Mac is recruited after a steel worker from the factory where he works as a security guard exits the show. One might think that this would be enough material to actually write a novel, but it all becomes more or less background noise when Mac agrees to take part in the play, and bumps into Siwan, a young woman he was close to at school. Siwan’s mother was an environmental activist and ended up going to prison for her protests. Siwan had visited him in the seminary the day he agreed to leave the priesthood and said to him: “Forgive me, Father, for I am about to make a mistake.” The nature of the sin she intends to commit becomes the focus of the novel.

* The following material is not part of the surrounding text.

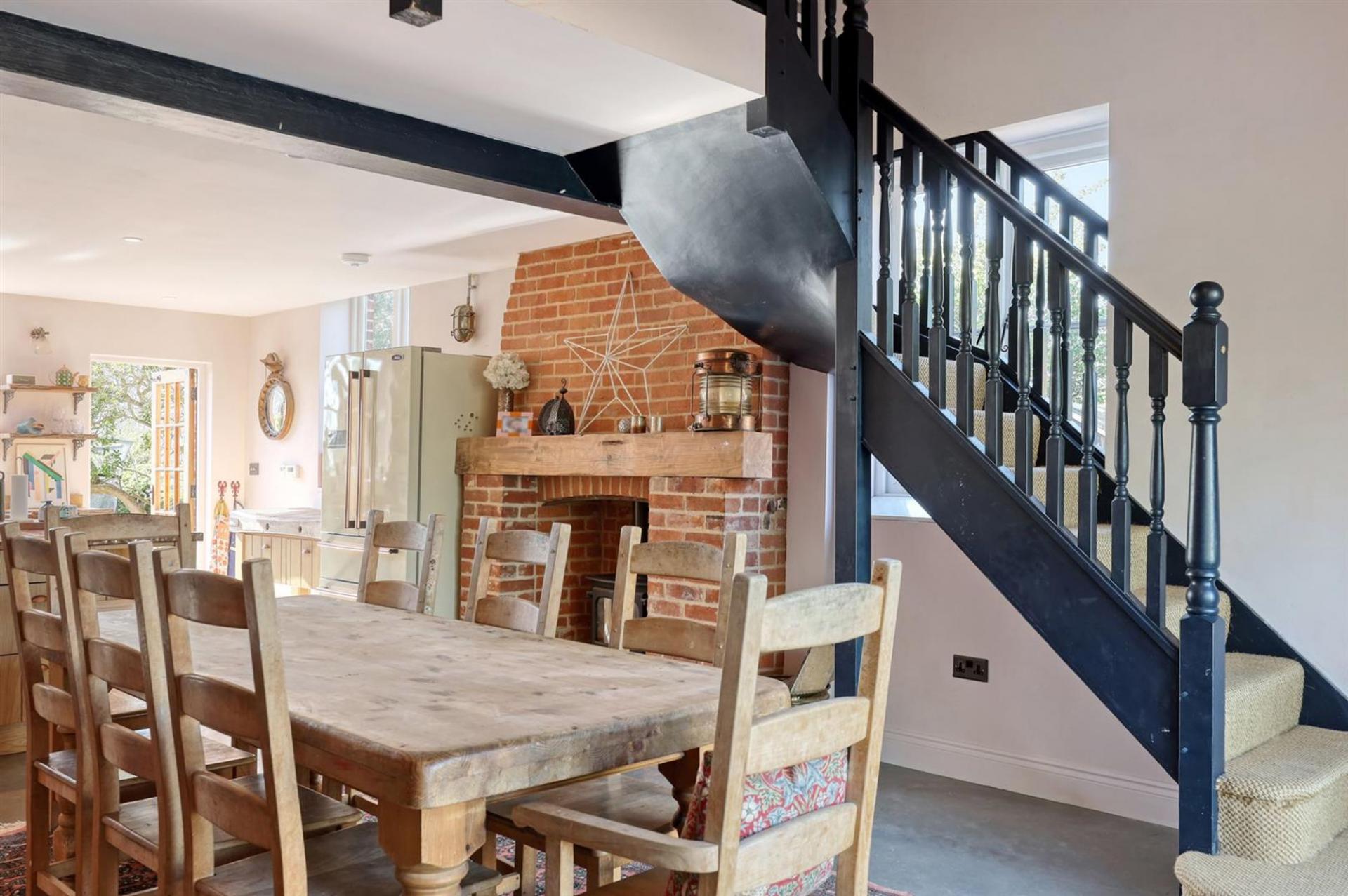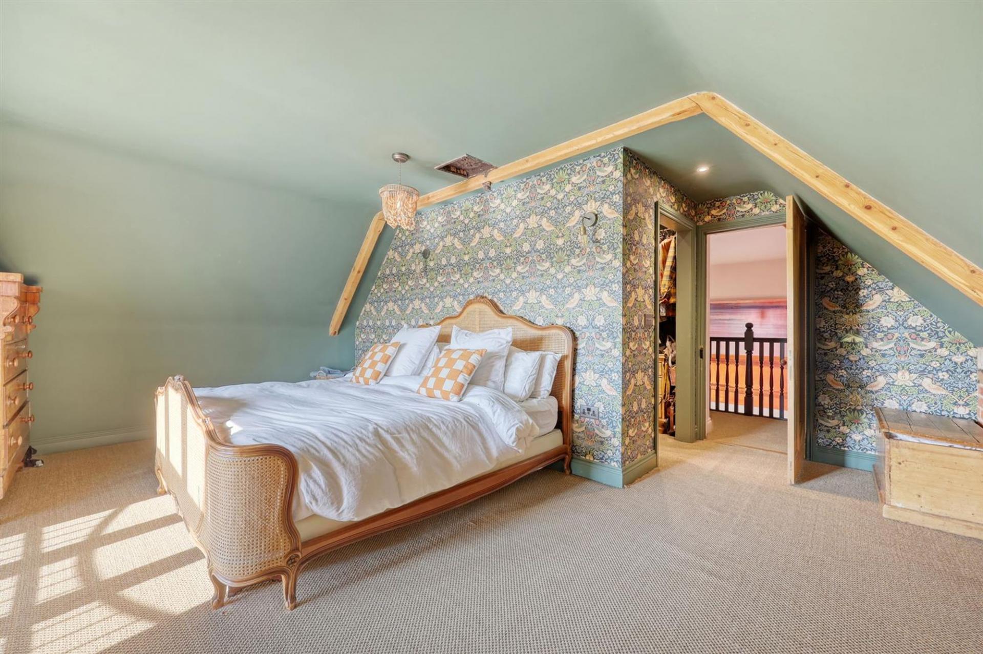 The ground floor unfolds around a breathtaking open-plan heart, a space designed for entertaining, relaxing, and soaking in the uninterrupted rural views. A cosy lounge with an original fireplace invites you to unwind, while a handy utility room with stable door and a chic downstairs WC add practicality. Upstairs, the gallery landing leads to four charming bedrooms, the principal suite offers an indulgent escape, with a dressing room and elegant en-suite. Two further double bedrooms and a characterful single room share a stylish family bathroom, all capturing the home’s unique charm.

They weren’t exactly a couple, Siuan and Mac – they never slept together, never kissed, never talked at school. What they shared were nights at the Plaza Cinema, where they would sit together in the dark watching movies, and Siwan would let her leg rest on Mac’s. This was their only point of contact, and from the way he interacts with his parents nowadays, one suspects that it may have been practically the only point of real human contact Mac ever had – he certainly couldn’t talk to his father, and could only talk to his mother about God, the local priest, and television. How heartbreaking, then, that Siwan’s current interest in Mac seems tied to his job as a security guard at the Port Talbot steel plant, which we quickly learn she plans to blow up during the weekend of the play. Businesses will be closed for strike action to draw attention to proposed layoffs. Siwan’s plan is to take advantage of them being empty and detonate a bomb without killing anyone. But of course, to do this, you need to get a bomb on site. Lucky for her, the boy who had been missing her at school could make that possible.

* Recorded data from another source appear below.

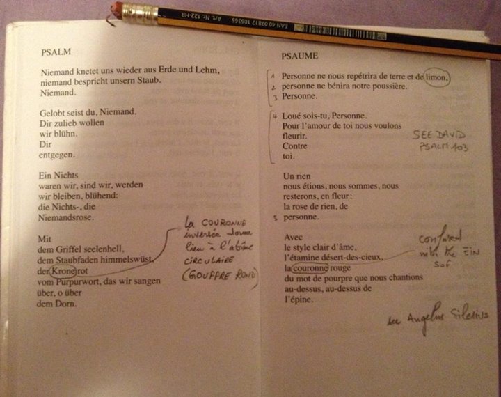 Ce poème de Celan, évoque certainement le psaume 103 de David..Néanmoins, au premier abord les mots tels que : néant, fleurir.. rappelle Heidegger, chez qui l’être est ce qui fait surgir l’étant du néant, il fait de la rose.. Mais c’est toujours au moment ou Celan semble le plus proche de Heidegger qu’il s’en tient le plus éloigné. Celan ne renonce jamais au sujet, celui la ne subit pas un destin qui lui advient de l’être. Le vouloir fleurir est un fleurir contre.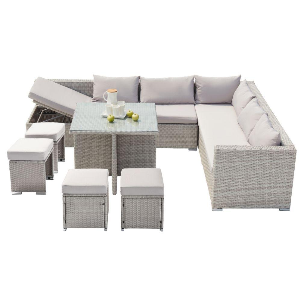 Salon de jardin encastrable 10 places en résine tressée gris SAMOA
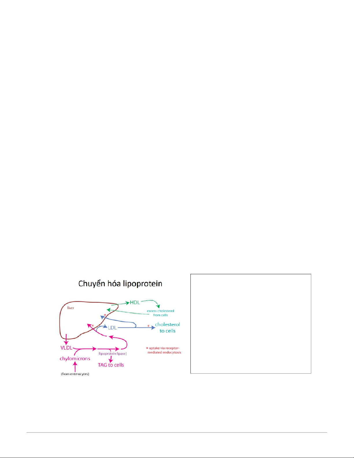 VLDL: Vận chuyển triglycerid nội sinh từ gan đến mô ngoại biên.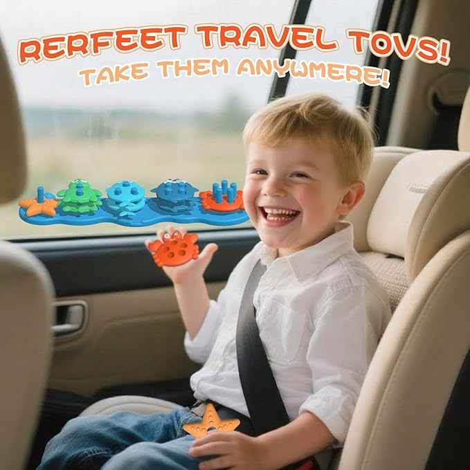 - 【Unique and Safe Design】- Bright colors and cute animal shapes,and Unique suction cup design , SUPER FUN! It really a great sensory toys for toddlers boy girl.

There is so much in this rich, involving, and emotionally charged book. It’s more than can stay in focus all the way through, and some elements of the action recede as the narrative unfolds. Mac’s mother’s illness and the deaths of his grandparents remain horrific but largely off-stage sorrows. Once a strike is determined, it is never revisited. The play ceases to matter; Mac misses the crucifixion, calling it “ridiculous,” and by the time he comes across a Roman centurion lying on the sand dune, having donned his priest’s robes for the bombing, the plot has begun to feel like a MacGuffin, or perhaps more accurately a simple allegory for the true heart of the matter. The novel eventually becomes something more focused and intense – it is the story of a man who got off to a false start in life, revisiting the closed site of his youth and haunting it, unable to enter again. He faces immense loneliness and is manipulated by the one person who seemed to offer a way out of his isolation. Ultimately, it becomes a novel about nihilism—seeing no way out of a dead-end future, Mac decides to help someone blow up the whole place, simply because he cared about her at least once. It is destroyed through pain.